What the exercise asks: Everything in the listing that follows should be reproduced exactly except the pictures.

Data section:
BEGIN

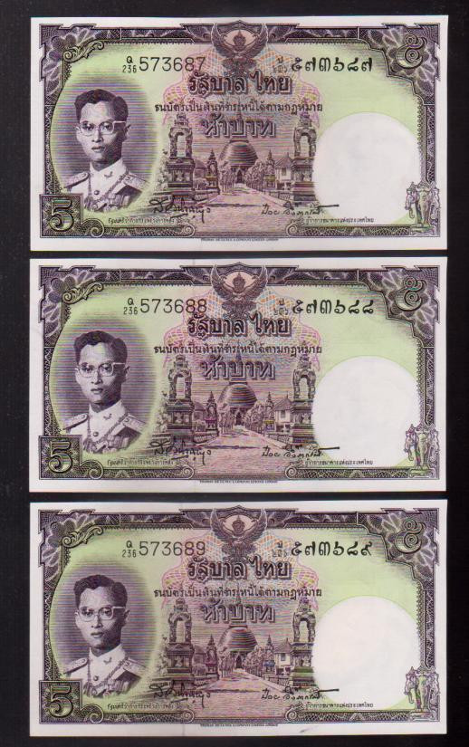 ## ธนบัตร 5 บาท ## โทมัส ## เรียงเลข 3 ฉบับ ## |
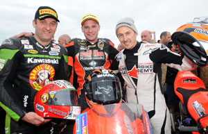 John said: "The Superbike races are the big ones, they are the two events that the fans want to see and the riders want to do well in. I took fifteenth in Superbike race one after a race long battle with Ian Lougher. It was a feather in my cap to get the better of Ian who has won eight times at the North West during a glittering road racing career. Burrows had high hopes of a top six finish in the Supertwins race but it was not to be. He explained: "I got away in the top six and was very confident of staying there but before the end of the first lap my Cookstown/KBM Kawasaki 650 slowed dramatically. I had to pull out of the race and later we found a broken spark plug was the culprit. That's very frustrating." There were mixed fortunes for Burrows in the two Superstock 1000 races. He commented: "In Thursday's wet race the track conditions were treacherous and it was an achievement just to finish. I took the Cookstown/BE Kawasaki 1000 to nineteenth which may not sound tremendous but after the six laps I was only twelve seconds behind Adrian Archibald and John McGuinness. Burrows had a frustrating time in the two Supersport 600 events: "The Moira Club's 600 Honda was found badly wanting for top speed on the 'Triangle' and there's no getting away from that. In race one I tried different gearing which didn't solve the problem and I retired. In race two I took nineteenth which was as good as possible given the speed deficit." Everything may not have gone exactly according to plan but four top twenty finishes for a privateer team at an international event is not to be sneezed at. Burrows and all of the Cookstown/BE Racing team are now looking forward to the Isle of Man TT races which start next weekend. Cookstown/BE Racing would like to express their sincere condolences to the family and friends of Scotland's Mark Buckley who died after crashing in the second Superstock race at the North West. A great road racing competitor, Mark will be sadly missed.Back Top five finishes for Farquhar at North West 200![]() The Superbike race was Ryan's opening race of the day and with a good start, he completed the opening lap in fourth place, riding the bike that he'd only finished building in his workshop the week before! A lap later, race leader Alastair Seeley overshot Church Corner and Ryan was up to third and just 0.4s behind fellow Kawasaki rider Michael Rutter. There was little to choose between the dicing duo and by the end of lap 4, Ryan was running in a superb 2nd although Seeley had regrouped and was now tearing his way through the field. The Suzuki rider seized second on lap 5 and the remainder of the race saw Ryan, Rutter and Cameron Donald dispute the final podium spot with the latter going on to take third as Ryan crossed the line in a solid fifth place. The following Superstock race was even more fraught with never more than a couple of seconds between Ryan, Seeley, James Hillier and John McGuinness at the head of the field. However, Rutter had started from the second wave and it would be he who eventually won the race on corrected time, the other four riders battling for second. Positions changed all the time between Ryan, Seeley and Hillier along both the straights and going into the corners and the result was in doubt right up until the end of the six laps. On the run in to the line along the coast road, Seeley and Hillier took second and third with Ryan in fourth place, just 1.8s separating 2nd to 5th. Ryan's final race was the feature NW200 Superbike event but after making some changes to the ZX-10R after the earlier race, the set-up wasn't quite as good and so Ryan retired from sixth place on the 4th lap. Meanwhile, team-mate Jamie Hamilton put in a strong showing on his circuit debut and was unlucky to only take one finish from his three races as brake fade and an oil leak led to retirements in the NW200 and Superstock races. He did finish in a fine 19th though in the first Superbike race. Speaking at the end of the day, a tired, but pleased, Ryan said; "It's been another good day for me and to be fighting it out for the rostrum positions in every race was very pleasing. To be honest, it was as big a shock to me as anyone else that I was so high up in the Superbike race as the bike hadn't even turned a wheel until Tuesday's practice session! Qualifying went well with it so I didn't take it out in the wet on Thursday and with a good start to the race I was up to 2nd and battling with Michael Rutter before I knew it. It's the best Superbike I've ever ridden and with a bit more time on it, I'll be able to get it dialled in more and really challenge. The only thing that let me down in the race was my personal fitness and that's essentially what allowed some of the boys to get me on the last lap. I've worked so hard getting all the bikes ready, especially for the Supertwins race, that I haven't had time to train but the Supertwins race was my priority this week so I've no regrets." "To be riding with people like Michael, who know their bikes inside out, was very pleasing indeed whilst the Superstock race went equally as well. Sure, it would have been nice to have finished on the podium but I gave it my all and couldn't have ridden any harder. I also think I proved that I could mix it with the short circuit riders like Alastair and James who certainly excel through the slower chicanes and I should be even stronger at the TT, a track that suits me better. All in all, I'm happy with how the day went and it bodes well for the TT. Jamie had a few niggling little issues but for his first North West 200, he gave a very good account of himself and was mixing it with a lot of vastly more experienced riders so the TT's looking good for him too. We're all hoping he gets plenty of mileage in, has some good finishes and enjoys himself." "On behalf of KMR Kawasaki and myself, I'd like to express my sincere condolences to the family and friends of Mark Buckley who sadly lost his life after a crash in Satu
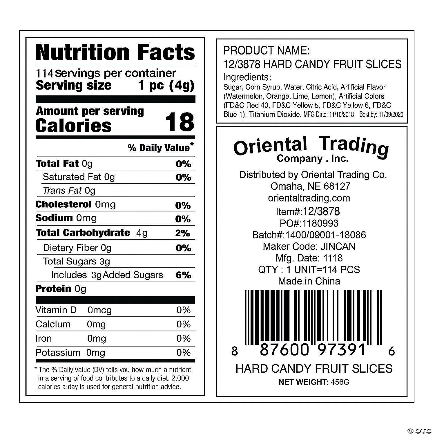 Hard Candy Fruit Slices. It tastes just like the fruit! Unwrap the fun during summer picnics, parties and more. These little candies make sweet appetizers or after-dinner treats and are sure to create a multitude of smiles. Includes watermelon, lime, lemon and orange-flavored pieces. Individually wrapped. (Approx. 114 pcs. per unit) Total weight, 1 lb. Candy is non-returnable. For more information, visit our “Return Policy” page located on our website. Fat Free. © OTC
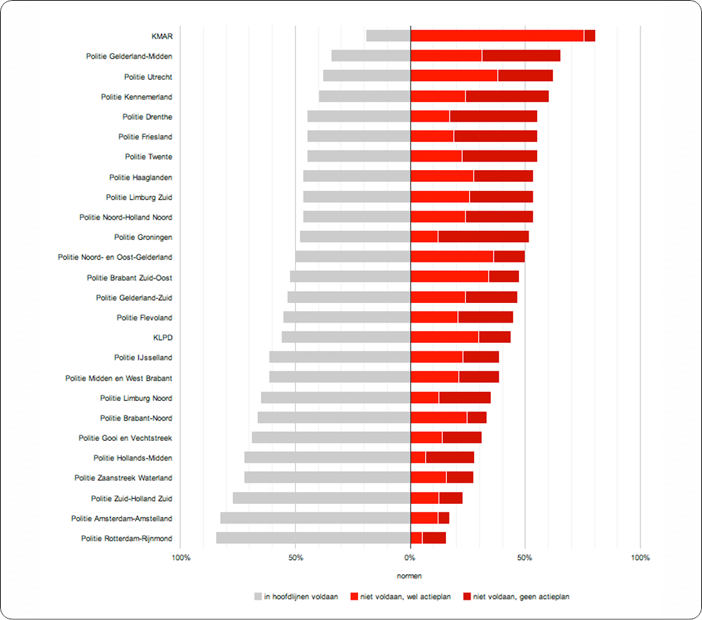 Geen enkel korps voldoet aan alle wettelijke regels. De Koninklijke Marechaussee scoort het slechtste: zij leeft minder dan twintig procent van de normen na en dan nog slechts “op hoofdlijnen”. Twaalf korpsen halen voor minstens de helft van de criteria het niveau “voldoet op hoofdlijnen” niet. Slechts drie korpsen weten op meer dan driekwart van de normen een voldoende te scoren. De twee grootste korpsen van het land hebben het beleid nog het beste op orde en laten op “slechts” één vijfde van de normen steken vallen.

END

Solved problem:
 ## ธนบัตร 5 บาท ## โทมัส ## เรียงเลข 3 ฉบับ ## |
 John said: "The Superbike races are the big ones, they are the two events that the fans want to see and the riders want to do well in. I took fifteenth in Superbike race one after a race long battle with Ian Lougher. It was a feather in my cap to get the better of Ian who has won eight times at the North West during a glittering road racing career. Burrows had high hopes of a top six finish in the Supertwins race but it was not to be. He explained: "I got away in the top six and was very confident of staying there but before the end of the first lap my Cookstown/KBM Kawasaki 650 slowed dramatically. I had to pull out of the race and later we found a broken spark plug was the culprit. That's very frustrating." There were mixed fortunes for Burrows in the two Superstock 1000 races. He commented: "In Thursday's wet race the track conditions were treacherous and it was an achievement just to finish. I took the Cookstown/BE Kawasaki 1000 to nineteenth which may not sound tremendous but after the six laps I was only twelve seconds behind Adrian Archibald and John McGuinness. Burrows had a frustrating time in the two Supersport 600 events: "The Moira Club's 600 Honda was found badly wanting for top speed on the 'Triangle' and there's no getting away from that. In race one I tried different gearing which didn't solve the problem and I retired. In race two I took nineteenth which was as good as possible given the speed deficit." Everything may not have gone exactly according to plan but four top twenty finishes for a privateer team at an international event is not to be sneezed at. Burrows and all of the Cookstown/BE Racing team are now looking forward to the Isle of Man TT races which start next weekend. Cookstown/BE Racing would like to express their sincere condolences to the family and friends of Scotland's Mark Buckley who died after crashing in the second Superstock race at the North West. A great road racing competitor, Mark will be sadly missed.Back Top five finishes for Farquhar at North West 200![]() The Superbike race was Ryan's opening race of the day and with a good start, he completed the opening lap in fourth place, riding the bike that he'd only finished building in his workshop the week before! A lap later, race leader Alastair Seeley overshot Church Corner and Ryan was up to third and just 0.4s behind fellow Kawasaki rider Michael Rutter. There was little to choose between the dicing duo and by the end of lap 4, Ryan was running in a superb 2nd although Seeley had regrouped and was now tearing his way through the field. The Suzuki rider seized second on lap 5 and the remainder of the race saw Ryan, Rutter and Cameron Donald dispute the final podium spot with the latter going on to take third as Ryan crossed the line in a solid fifth place. The following Superstock race was even more fraught with never more than a couple of seconds between Ryan, Seeley, James Hillier and John McGuinness at the head of the field. However, Rutter had started from the second wave and it would be he who eventually won the race on corrected time, the other four riders battling for second. Positions changed all the time between Ryan, Seeley and Hillier along both the straights and going into the corners and the result was in doubt right up until the end of the six laps. On the run in to the line along the coast road, Seeley and Hillier took second and third with Ryan in fourth place, just 1.8s separating 2nd to 5th. Ryan's final race was the feature NW200 Superbike event but after making some changes to the ZX-10R after the earlier race, the set-up wasn't quite as good and so Ryan retired from sixth place on the 4th lap. Meanwhile, team-mate Jamie Hamilton put in a strong showing on his circuit debut and was unlucky to only take one finish from his three races as brake fade and an oil leak led to retirements in the NW200 and Superstock races. He did finish in a fine 19th though in the first Superbike race. Speaking at the end of the day, a tired, but pleased, Ryan said; "It's been another good day for me and to be fighting it out for the rostrum positions in every race was very pleasing. To be honest, it was as big a shock to me as anyone else that I was so high up in the Superbike race as the bike hadn't even turned a wheel until Tuesday's practice session! Qualifying went well with it so I didn't take it out in the wet on Thursday and with a good start to the race I was up to 2nd and battling with Michael Rutter before I knew it. It's the best Superbike I've ever ridden and with a bit more time on it, I'll be able to get it dialled in more and really challenge. The only thing that let me down in the race was my personal fitness and that's essentially what allowed some of the boys to get me on the last lap. I've worked so hard getting all the bikes ready, especially for the Supertwins race, that I haven't had time to train but the Supertwins race was my priority this week so I've no regrets." "To be riding with people like Michael, who know their bikes inside out, was very pleasing indeed whilst the Superstock race went equally as well. Sure, it would have been nice to have finished on the podium but I gave it my all and couldn't have ridden any harder. I also think I proved that I could mix it with the short circuit riders like Alastair and James who certainly excel through the slower chicanes and I should be even stronger at the TT, a track that suits me better. All in all, I'm happy with how the day went and it bodes well for the TT. Jamie had a few niggling little issues but for his first North West 200, he gave a very good account of himself and was mixing it with a lot of vastly more experienced riders so the TT's looking good for him too. We're all hoping he gets plenty of mileage in, has some good finishes and enjoys himself." "On behalf of KMR Kawasaki and myself, I'd like to express my sincere condolences to the family and friends of Mark Buckley who sadly lost his life after a crash in Satu
 Hard Candy Fruit Slices. It tastes just like the fruit! Unwrap the fun during summer picnics, parties and more. These little candies make sweet appetizers or after-dinner treats and are sure to create a multitude of smiles. Includes watermelon, lime, lemon and orange-flavored pieces. Individually wrapped. (Approx. 114 pcs. per unit) Total weight, 1 lb. Candy is non-returnable. For more information, visit our “Return Policy” page located on our website. Fat Free. © OTC
 Geen enkel korps voldoet aan alle wettelijke regels. De Koninklijke Marechaussee scoort het slechtste: zij leeft minder dan twintig procent van de normen na en dan nog slechts “op hoofdlijnen”. Twaalf korpsen halen voor minstens de helft van de criteria het niveau “voldoet op hoofdlijnen” niet. Slechts drie korpsen weten op meer dan driekwart van de normen een voldoende te scoren. De twee grootste korpsen van het land hebben het beleid nog het beste op orde en laten op “slechts” één vijfde van de normen steken vallen.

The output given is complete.